Guía los pasos de todos los testigos del Evangelio hacia la unidad perfecta en una escucha atenta y paciente de las culturas y personas con su historia.

Kyrie eleison

Dios que no nos abandonas nunca, te damos gracias por la experiencia de Cristo resucitado en los dos discípulos de Emaús.

Haz que experimentemos la presencia de Cristo que camina con nosotros, alienta nuestro corazón e ilumina nuestra inteligencia, para que seamos testigos de tu presencia activa en el poder de su resurrección.

Kyrie eleison

Dios de quien viene todo don perfecto, te damos gracias porque no cesas de suscitar de generación en generación esta nube de testigos que nos transmitieron la fe de los apóstoles, san… (cada asamblea puede mencionar a los evangelizadores y a los mártires de su región).

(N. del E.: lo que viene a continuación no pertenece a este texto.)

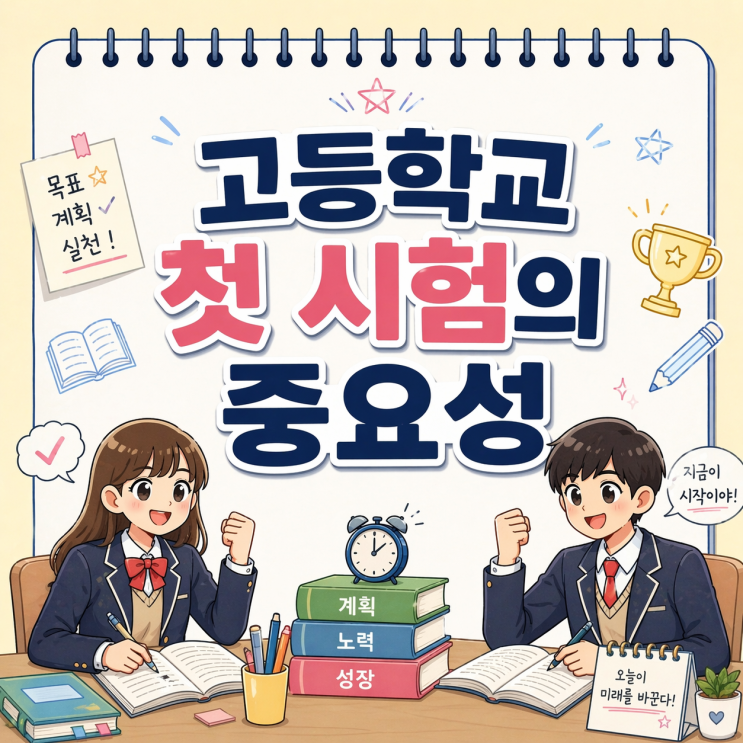 고등학교에 입학한 신입생들에게 첫 중간고사는 단순한 시험이 아닙니다. 앞으로 3년간 이어질 내신 관리의 출발점이며, 공부 습관과 자신감을 결정하는 중요한 분기점입니다. 중학교 시험과 비슷할 것이라고 생각하고 접근했다가 예상보다 넓은 시험범위와 어려운 문제 유형에 당황하는 학생들이 많습니다. 그래서 고등학교 첫 시험은 “얼마나 오래 공부했는가”보다 어떻게 준비했는가가 훨씬 중요합니다. 왜 고등학교 첫 중간고사가 중요한가요? 고등학교 내신은 한 번의 시험으로 끝나지 않습니다. 첫 시험 결과는 이후 학습 태도와 자신감에 큰 영향을 줍니다. 첫 시험에서 좋은 결과를 얻은 학생은 다음 시험도 안정적으로 준비하는 경우....... <img src="https://blogthumb.pstatic.net/MjAyNjA0MjFfMjQ5/MDAxNzc2NzcwNzQ0MDY5.4ScLR9Smg-TfrkK4aORmFYZ8o0WnuHu89CilBOhoaPgg.1S3wOMIEuBdC8OrONdQ7SNP9fCxBELZVMCuaXjkKBGYg.PNG/ChatGPT_Image_2026%B3%E2_4%BF%F9_21%C0%CF_%BF%C0%C8%C4_08_25_13.png?type=s3" />

Danos ser fieles a esta herencia de fe y enséñanos a abrir juntos las nuevas vías del Evangelio.

Kyrie eleison

Dios de compasión, te damos gracias porque has reconciliado el mundo por la cruz de tu Hijo.

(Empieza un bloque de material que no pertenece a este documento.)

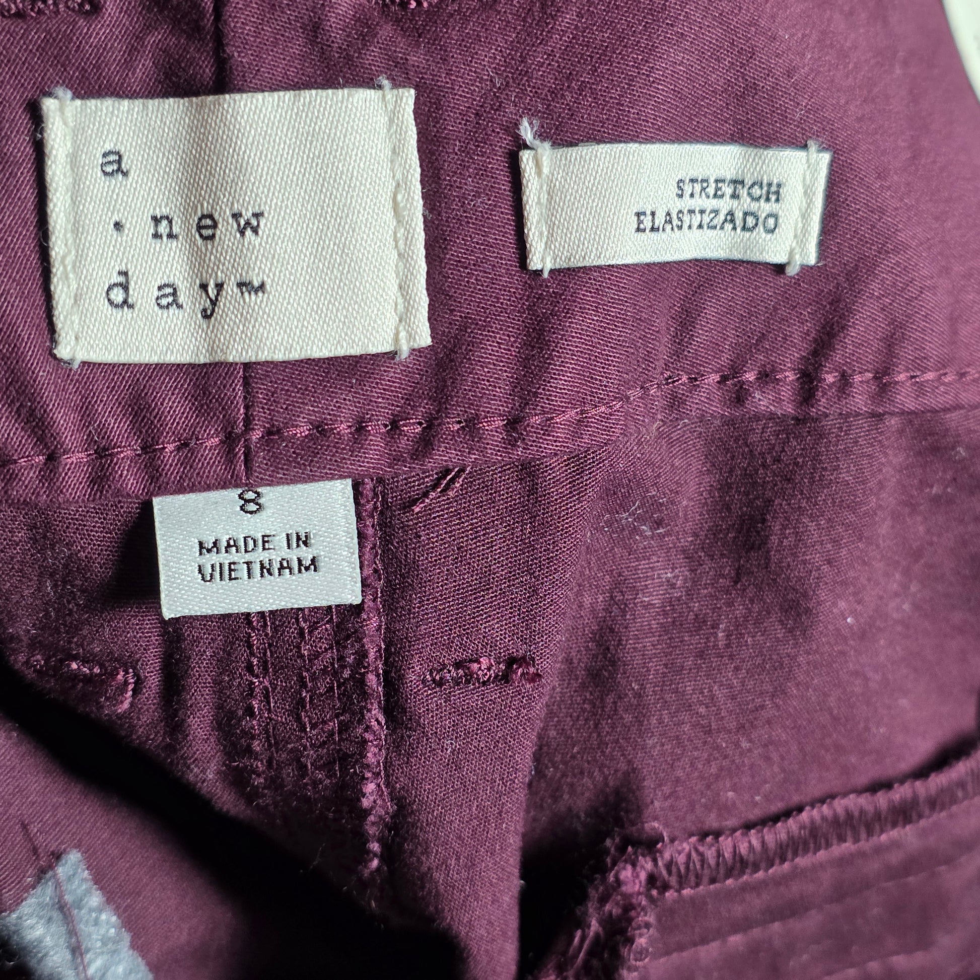 NWT New Women's A New Day Straight Leg High Rise Pants 8 R Burgundy X2EE61

Haz crecer en nosotros la fe: que sea para nuestras Iglesias y para cada uno de nosotros una fuerza para ser, siguiendo el ejemplo de Cristo, cada vez más solidarios de las personas en su vida como en su sufrimiento y en su muerte.

Kyrie eleison

Dios en quien ponemos nuestra esperanza, te alabamos por la promesa de Jesús: “Yo estoy con vosotros todos los días hasta el final del mundo.”

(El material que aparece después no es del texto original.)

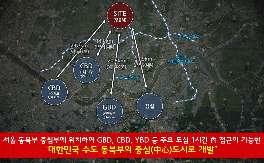 당 사업지야말로 보유세를 앞둔 부동산 규제의 해결책으로 제시된 역세권 상가 입지를 보이며 광역교통망과 상업시설이 통합된 복합시설 기능을 수행하는 등 상가 투자 불패 공식을 성립하고 있습니다. 더욱이 음악산업의 메카가 될 서울아레나와 씨드큐브창동, 사진미술관, 로봇박물관, 복합유통센터, 창동-상계 동서 간 연결 교량 사업 등 활발한 개발 호재가 뒷받침되고 있어 성장 가능성 역시 무궁무진하다고 판단되는데요.

Mira las dudas que asaltan a nuestros corazones sobre el camino de la unidad cristiana. Siguiendo el ejemplo de los pioneros del ecumenismo de la conferencia de Edimburgo en 1910, danos el valor de denunciar juntos nuestros temores actuales y la clarividencia para reencontrar en este año 2010 la confianza sobre el camino de la realización de tu voluntad.

Padre Nuestro

IV) Envío

Oración de compromiso

P. Oremos juntos:
A. Señor, tómanos desde donde estamos actualmente
y condúcenos allá donde Tú quieres que vayamos.
Haz que no seamos solo los encargados de una herencia,
sino las señales vivas de tu reino que viene.
Enciéndenos la pasión por la justicia y la paz
entre todos los pueblos.
Llénanos de fe, de esperanza y de amor
que están en el corazón del Evangelio
y háznos UNO en el poder del Espíritu Santo:
Que el mundo crea,
que tu nombre sea santificado en nuestra Nación,
que tu Iglesia pueda reconocerse efectivamente reunida en un único cuerpo.
Nos comprometemos a amarte, servirte y seguirte
no como extranjeros unos de otros, sino como peregrinos.
Amén.

(Liturgia inaugural de ACTS-Acción conjunta de las Iglesias en Escocia, 1990)

Bendición final

P. “La gracia de nuestro Señor Jesucristo,
el amor de Dios Padre,
y la comunión del Espíritu Santo
esté siempre con vosotros.”
Y con tu espíritu.

O también

P. Que el Señor que venció las tinieblas por su luz,
os dé la paz.
Que el Señor que venció la muerte por la vida,
os dé la paz.
Que el Señor que venció la soledad del mundo por el amor
os dé la paz.

u otra bendición

Palabras de envío

P. Hoy Cristo resucitado nos proclama: “Como el Padre me envió, así yo también os envío…”
A. Amén.

P. La Buena Noticia de la Resurrección de Jesús nos ha sido anunciada: “Nosotros somos sus testigos”. Caminad en la paz de Cristo. ¡Aleluya!
A. Demos gracias a Dios. Amén. ¡Aleluya!